June 20, 1902 [Jack and the Beanstalk]

I believe I've seen something by the French magician Georges Méliès, in which a row of chairs is filled one by one by the same man, multiplying himself—but each with a different instrument in hand—and then playing together, a one-man band of trans-location. Or was it a dream—or some shifting memory, a story I tell myself?

Méliès is in my mind after seeing Jack and the Beanstalk with my children, despite the production's small-town theater atmosphere. It was my eldest's birthday, and we all set out to find a programme they would enjoy. This ten-minute motion picture satisfied them immensely—I think especially since it did not deviate from the tale as they knew it. I was happy for them, and even now, in private, won't spoil their fun; but a part of me felt they had lost something: their own images of Jack and his adventures. For even though they chattered on afterward about the story, and the tricks of the camera that made things appear and change, and seemed perfectly pleased, I wondered if they hadn't let the picture replace their memory of the story with itself, ingrained instantaneously with all the power of the visual, as lasting as the evocations of music that define the moment of listening—and then stretch that definition beyond itself: If next month I read the story to them—and not let them look at the illustrations (which I admit may intrude upon their imaginations almost as much as moving pictures; but I will conveniently suspend this ancillary concern for the sake of the present argument)—I wonder if in their minds they will see only the cinematic Jack and his fee-fie-foe.

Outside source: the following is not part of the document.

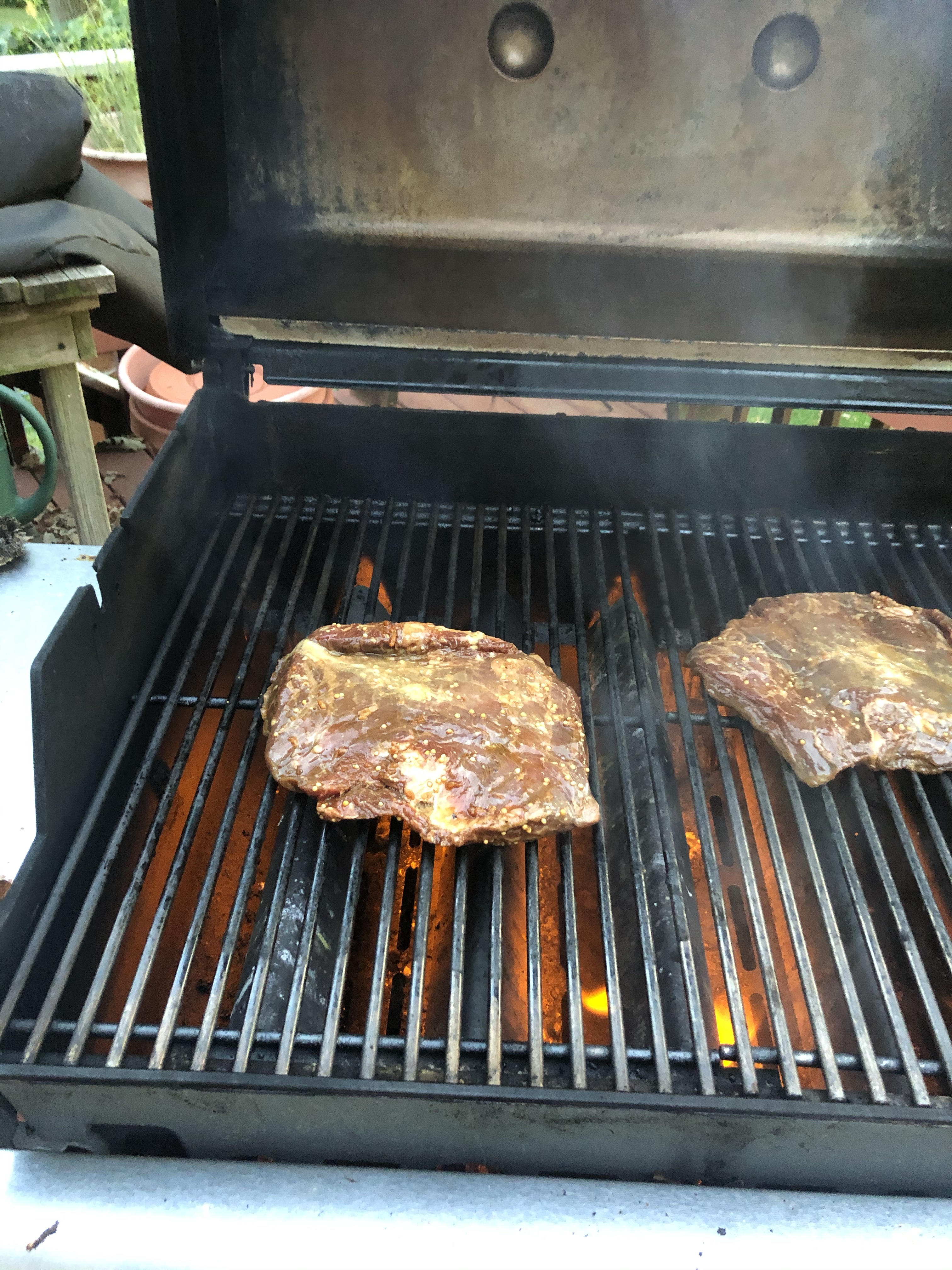 Oh – and I AGAIN forgot to marinate the flank steak. So my hubby took care of it early in the morning. We should get at least 8 hours in.

But is this something to deplore? I've had the same experience many times—and again, with music as much as cinema. Once the conjurer (ah, Méliès again) makes the substitution, forces the card he wants me to choose, the trick is accomplished, and I applaud as loudly as anyone. Perhaps it's as simple—and, yes, as profound—as Coleridge's suspension of disbelief. I'm perfectly willing to engage in such suspensions—as long as the artist does not cheat, and keeps the promises of his premises (a bit of accidental Gilbert and Sullivan wording, there). And even something as slight as Jack and the Beanstalk is a creature of its word, if I may judge from my children's delight.

I believe I have too often viewed cinema for children without actual children at my side. This may be an error, if only because (if I may indulge) with some moving pictures a little child should lead us.